Error message (two GPUs):

Setting up Verlet run ...
  Unit style    : metal
  Current step  : 0
  Time step     : 0.002
[htc-g061:3567714:0:3567714] Caught signal 11 (Segmentation fault: invalid permissions for mapped object at address 0x14e9873c0a80)
[htc-g061:3567715:0:3567715] Caught signal 11 (Segmentation fault: invalid permissions for mapped object at address 0x150de33c0a80)

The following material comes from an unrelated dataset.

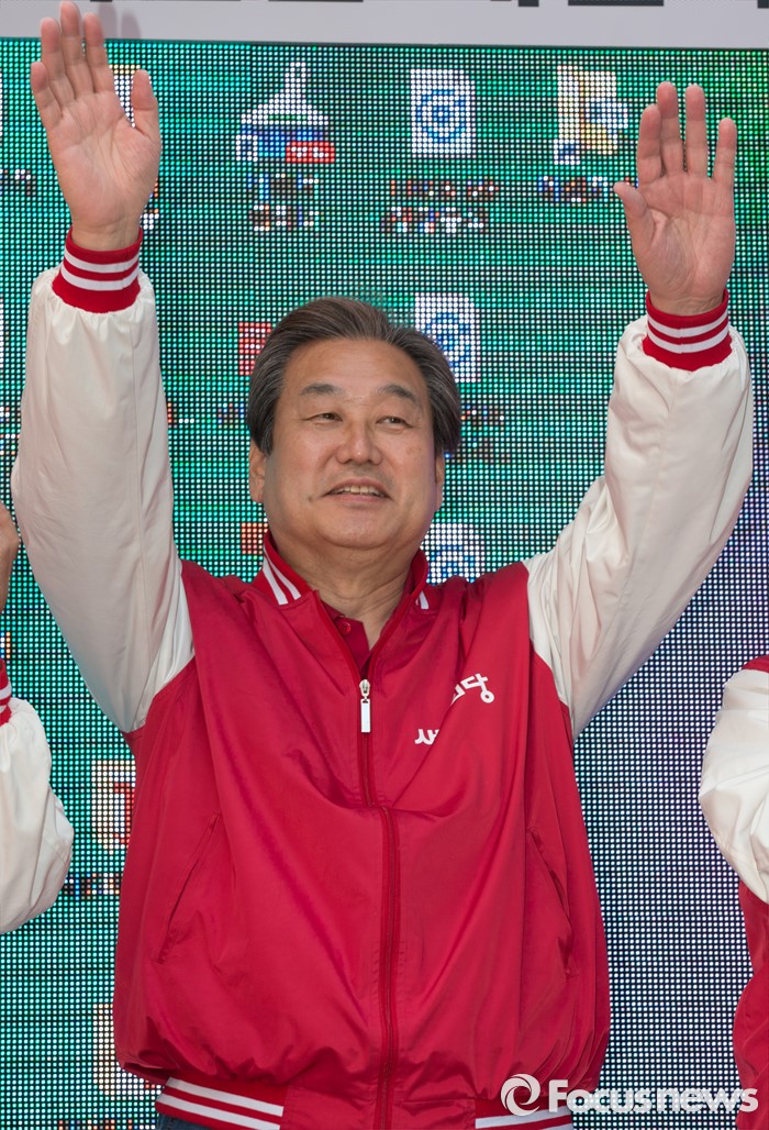 (청주=포커스뉴스) 김무성 새누리당 대표가 5일 오후 충북 청주 성안길에서 시민들에게 인사를 하고 있다.

==== backtrace (tid:3567714) ====
 0 0x000000000003e6f0 __GI___sigaction()  :0
 1 0x000000000019060d __memmove_avx512_unaligned_erms()  :0
 2 0x0000000000047551 ucp_dt_pack()  /apps/system/easybuild/build/UCX/1.14.1/GCCcore-12.3.0/ucx-1.14.1/src/ucp/dt/dt.c:118
 3 0x000000000007c5b5 ucp_tag_pack_eager_common()  /apps/system/easybuild/build/UCX/1.14.1/GCCcore-12.3.0/ucx-1.14.1/src/ucp/tag/eager_snd.c:31
 4 0x000000000007c5b5 ucp_tag_pack_eager_first_dt()  /apps/system/easybuild/build/UCX/1.14.1/GCCcore-12.3.0/ucx-1.14.1/src/ucp/tag/eager_snd.c:76
 5 0x000000000001bc10 uct_mm_ep_am_common_send()  /apps/system/easybuild/build/UCX/1.14.1/GCCcore-12.3.0/ucx-1.14.1/src/uct/sm/mm/base/mm_ep.c:326
 6 0x000000000001bc10 uct_mm_ep_am_bcopy()  /apps/system/easybuild/build/UCX/1.14.1/GCCcore-12.3.0/ucx-1.14.1/src/uct/sm/mm/base/mm_ep.c:416
 7 0x000000000007bd13 uct_ep_am_bcopy()  /apps/system/easybuild/build/UCX/1.14.1/GCCcore-12.3.0/ucx-1.14.1/src/uct/api/uct.h:3020
 8 0x000000000007bd13 ucp_tag_eager_bcopy_multi()  /apps/system/easybuild/build/UCX/1.14.1/GCCcore-12.3.0/ucx-1.14.1/src/ucp/tag/eager_snd.c:140
 9 0x000000000008619b ucp_request_try_send()  /apps/system/easybuild/build/UCX/1.14.1/GCCcore-12.3.0/ucx-1.14.1/src/ucp/core/ucp_request.inl:334
10 0x000000000008619b ucp_request_send()  /apps/system/easybuild/build/UCX/1.14.1/GCCcore-12.3.0/ucx-1.14.1/src/ucp/core/ucp_request.inl:357
11 0x000000000008619b ucp_tag_send_req()  /apps/system/easybuild/build/UCX/1.14.1/GCCcore-12.3.0/ucx-1.14.1/src/ucp/tag/tag_send.c:116
12 0x000000000008619b ucp_tag_send_nbx()  /apps/system/easybuild/build/UCX/1.14.1/GCCcore-12.3.0/ucx-1.14.1/src/ucp/tag/tag_send.c:298
13 0x000000000000690c mca_pml_ucx_send()  ???:0
14 0x000000000008719b MPI_Send()  ???:0
15 0x0000000001b4e3c7 LAMMPS_NS::CommKokkos::borders_device<Kokkos::Cuda>()  ???:0
16 0x0000000001b372d8 LAMMPS_NS::CommKokkos::borders()  ???:0
17 0x00000000024bef22 LAMMPS_NS::VerletKokkos::setup()  ???:0
18 0x00000000011f2212 LAMMPS_NS::Run::command()  ???:0
19 0x0000000000fd956a LAMMPS_NS::Input::execute_command()  ???:0
20 0x0000000000fd9c5e LAMMPS_NS::Input::file()  ???:0
21 0x000000000040245d main()  ???:0
22 0x0000000000029590 __libc_start_call_main()  ???:0
23 0x0000000000029640 __libc_start_main_alias_2()  :0
24 0x0000000000402515 _start()  ???:0
=================================
[htc-g061:3567714] *** Process received signal ***
[htc-g061:3567714] Signal: Segmentation fault (11)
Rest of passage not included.